Origin-destination matrices show where visitors actually come from: often a better trade-area definition than a drive-time ring. For portfolio operators, OD overlap between a candidate site and existing stores estimates cannibalization risk before lease execution. See how CRE investors use origin-destination data for the institutional workflow.

Require ≥2,000 attributed visits over the analysis window for tract-level OD reads; use zip grain for smaller-volume POIs. Stability quarter-over-quarter is itself a signal: material shifts usually mean a competitor opening, access change, or demographic drift.

A Practical Operating Model for Expansion Teams

  1. Define the decision: market entry, relocation, competitor benchmark, or post-opening measurement.
  2. Validate POIs and polygons before importing traffic or spend data.
  3. Read traffic, spend, and origin-destination as separate lenses, then score overlaps.
  4. Run holdout validation against known stores before applying the model to candidate sites.
  5. Refresh the model after openings, closures, road changes, and major competitor moves.

GSDSI packages POI, mobility, and adjacent commercial signals into buyer-specific pilots through the pilot process. Score vendors with the RFP matrix so real estate, finance, and analytics review the same evidence.

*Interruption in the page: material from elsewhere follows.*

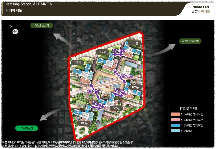 남성역 헤머튼은 전 세대가 남향 중심으로 배치되어 있다고 합니다. 동간 거리도 넉넉하게 확보해서 채광과 환기가 좋을 것으로 기대됩니다. 최근 아파트들이 빼곡하게 들어서는 경우가 많은데, 개방감과 조망을 신경 쓴 설계라는 점이 눈에 띕니다. 마감재도 고급 자재를 사용하고, 드레스룸 공간도 여유 있게 계획했다고 하네요.

Finance teams should see the stack as a sensitivity model, not a single score. Run scenarios where traffic is strong but spend is weak, where OD draw is wide but visit counts are modest, and where a competitor opening shifts cross-shopping. Expansion committees that debate scenarios outperform teams that debate a single composite index from one vendor dashboard.

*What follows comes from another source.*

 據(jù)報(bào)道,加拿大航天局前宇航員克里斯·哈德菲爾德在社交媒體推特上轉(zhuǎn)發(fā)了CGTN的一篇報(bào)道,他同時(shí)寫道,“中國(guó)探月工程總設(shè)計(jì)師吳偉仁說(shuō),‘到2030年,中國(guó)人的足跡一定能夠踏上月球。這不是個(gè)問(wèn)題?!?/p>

Post-opening measurement is the closing loop: compare forecasted traffic and spend panels to actuals at 30, 90, and 180 days. Feeds that fail post-opening validation should trigger vendor review even if the pre-opening bake-off looked excellent: panel composition and competitive dynamics change after you enter a market.

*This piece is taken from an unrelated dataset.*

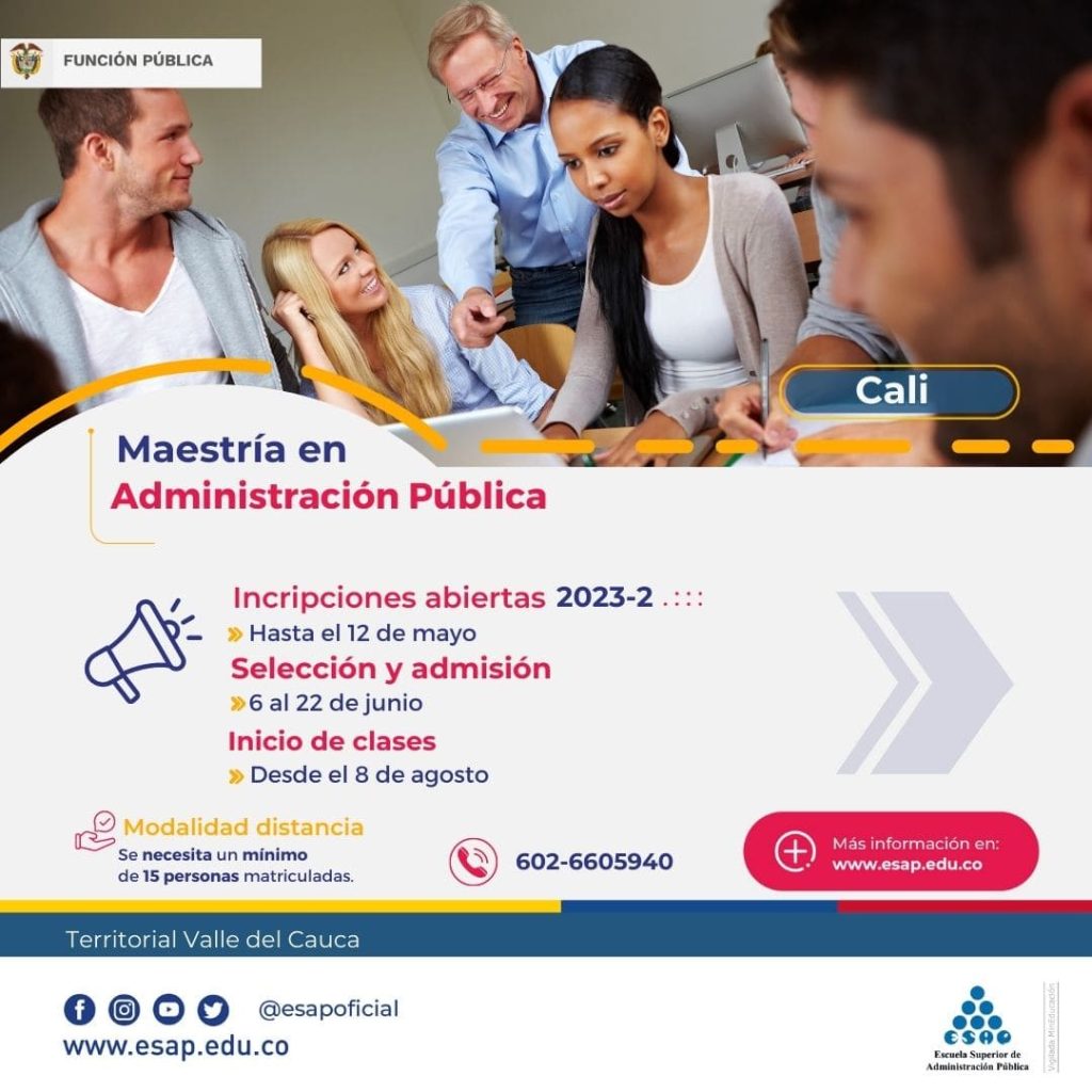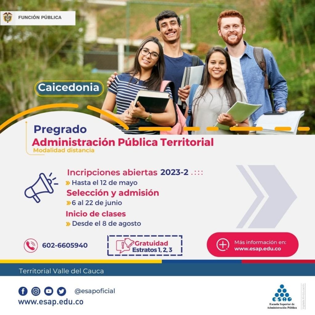 Cali, 17 de marzo de 2023. (Comunicaciones ESAP-Territorial Valle). La Escuela Superior de Administración Pública -ESAP inició el período de inscripciones para sus programas en pregrado y posgrado, el cual se extenderá hasta el próximo 12 de mayo de 2023. En cuanto a la oferta académica en el departamento del Valle del Cauca, este semestre los lugares de desarrollo habilitados para el pregrado en Administración Pública Territorial son Cali y Caicedonia.

Governance Handoff to Real Estate and Finance

Package the final site memo with POI version IDs, panel vendor, spend panel vendor, and OD methodology window. When leadership revisits a decision twelve months later, those metadata fields explain why the read differed from a broker deck: without them, teams relitigate anecdotes.

Align incentives: brokers bring relationships, data brings measurement. The stack does not replace brokers; it gives finance a defensible second opinion when rent and capital calls are on the line.

Frequently Asked Questions

What is the most important data source for retail site selection?
There is no single source. POI quality is the foundation, foot traffic shows behavior, spend panels validate monetization, and origin-destination data explains trade-area draw. The best models combine them and validate against known stores.
Can foot traffic alone predict store revenue?
Not reliably. Foot traffic is a strong behavioral signal, but revenue depends on category fit, basket size, competition, pricing, store operations, and local demand. Spend panels and known-store validation help bridge that gap.
Why do POI polygons matter so much?
A wrong polygon assigns visits to the wrong venue. In malls, mixed-use properties, and dense retail corridors, polygon errors can make a weak site look strong or hide a strong tenant inside a parent property.
How do spend panels and foot traffic disagree?
High traffic with weak spend may indicate lookie-loos, wrong category fit, or panel bias. Weak traffic with strong spend may indicate a destination with a small but high-value customer base. Read both before committing capital.
How often should site-selection models refresh?
Refresh when major market facts change: store openings and closures, road or transit changes, competitor moves, seasonal shifts, tourism changes, or panel methodology updates. Quarterly refreshes are common for active expansion teams. Document the refresh trigger in the committee memo so future teams know why the model was rerun.